News: Java's been ready for many-core era; how about you?

  1. Patrick Logan posted a blog entry entitled "Many-Node has many more implications than Many-Core," saying that the many-core discussions miss a crucial point: many cores imply many nodes. Programming models that rely on cores sharing system resources like RAM or hard drive space are going to have to change.
    The many-core era will also be a many-node era. You will not have a C: drive except for those legacy systems running in their little jars of formaldehyde. You will have a lot of computing power "out there" and several kinds of displays that are not directly attached to "your computer". You probably will not be able to locate an "application" as being installed on your C: drive and running on the CPU on the mother board that has a ribbon running out to the disk that has C: formatted on it. Hardware will be too cheap to be organized this way. We need to begin reorganizing our software now or five years from now, we'll be really bad off, without any excuses. If your current programming models distinguish between "these threads threads" and "those other processes over there" then it's almost certainly the wrong model for today, not to mention tomorrow.
    The good news for Java is that the "Pure Java" initiative - apparently downplayed in the last few years - is ideally geared for a "many-node" deployment, with an emphasis on platform neutrality. Java EE takes that one step further, recommending that filesystem access not be used. See section 17.2.3 in the EJB 3 specification:
    The EJB architecture does not define the operating system principal under which enterprise bean methods execute. Therefore, the Bean Provider cannot rely on a specific principal for accessing the underlying OS resources, such as files. (See Subsection 17.6.8 for the reasons behind this rule.) We believe that most enterprise business applications store information in resource managers such as relational databases rather than in resources at the operating system levels.
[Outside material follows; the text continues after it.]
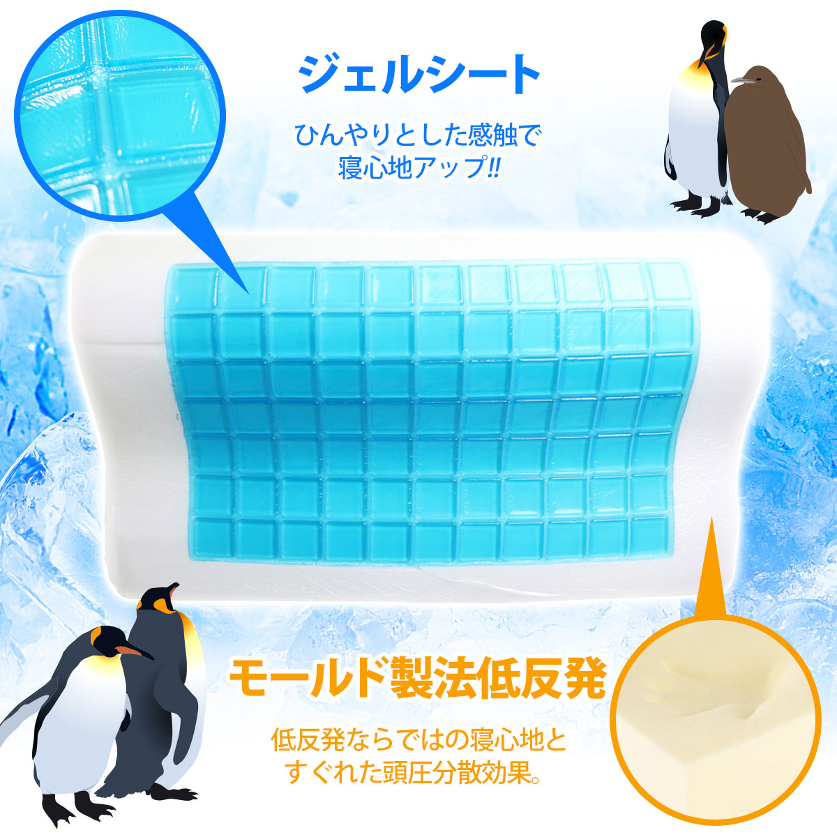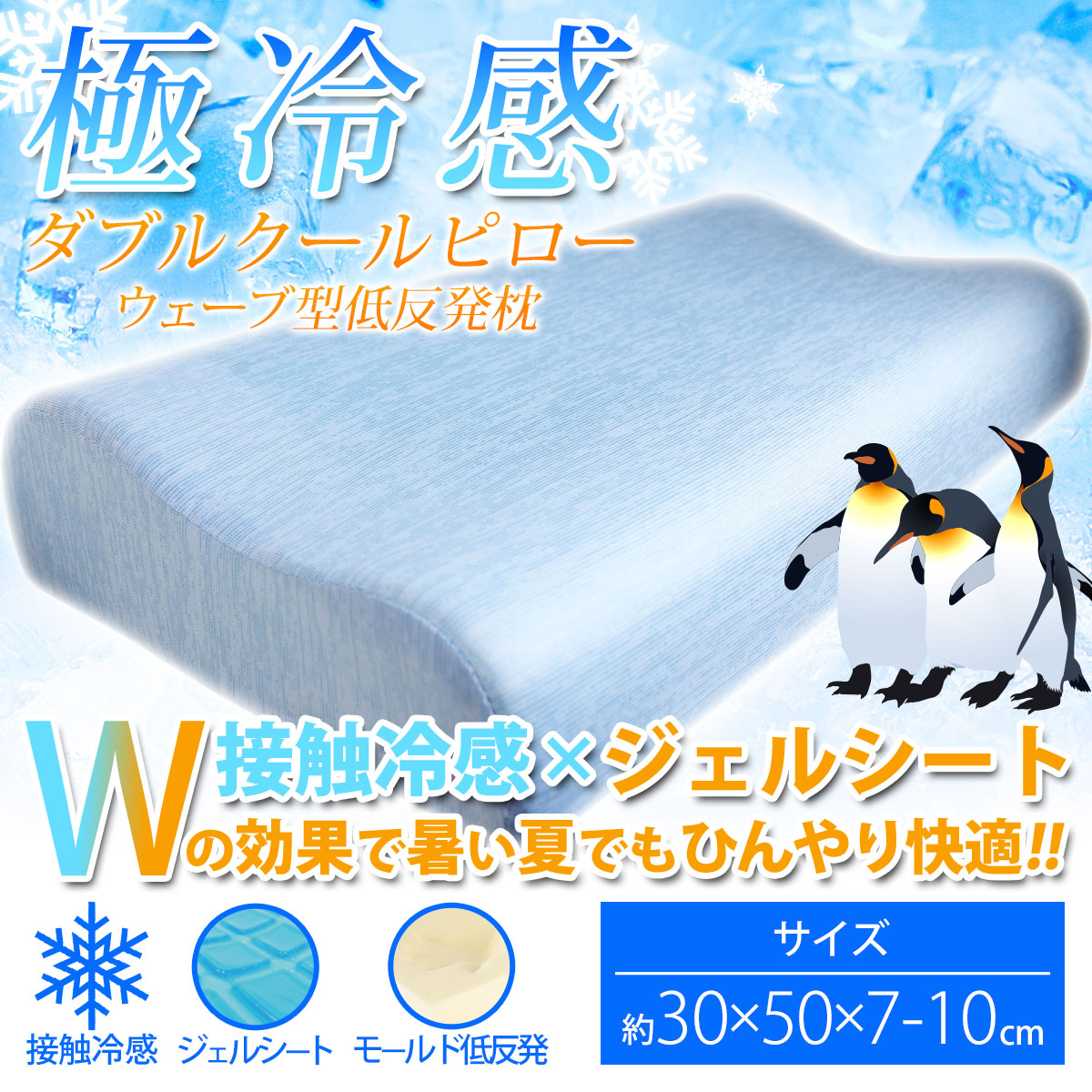 ●Wクールで効果で、枕が温まってもすぐに熱を排出し、長時間冷たさをキープしてくれるので快適に眠れます。

Therefore, this rule should not affect the portability of most enterprise beans.
    The reference to principals obscures the remote nature of EJBs in the first place. A clearer example might be an illustration of a remote EJB deployment. Imagine an enterprise application deployment, where web application 'A1' is on machine 'M1', and it looks up EJBs that are hosted in a cluster of machines 'M2' and 'M3'. On the first invocation ("I1") of A1, it finds an instance of an EJB on M2, which stores information on the local filesystem, in - let's say - a Lucene index. The second invocation ("I2") of A1 finds an instance of the EJB on M3 instead, which then looks for the information to update on the local filesystem. However, the update from I1 isn't on the local filesystem of machine M3; it's on M2. You now have an error. This is why one uses relational databases or remotable resources more than filesystems. Even JCR uses a client/server model for content repositories, to address this issue. No matter how well the platform is prepared for multi-node deployments, though, programmers have to anticipate the requirements. Java's there to help, but you have to know what you're about. How well are you prepared to deploy to a cluster, now that they're becoming commodities rather than specialized deployments?
  2. Well, I think that in most cases there are some things that must change at the same time as the new "many core-node" scenario. As you pointed out non-distributable resources as the filesystem can't be used, but also a central database won't be the best solution. The necessary step is going to large, distributed RAM caches. Now let's listen to Nati, Jonas, Cameron... :-)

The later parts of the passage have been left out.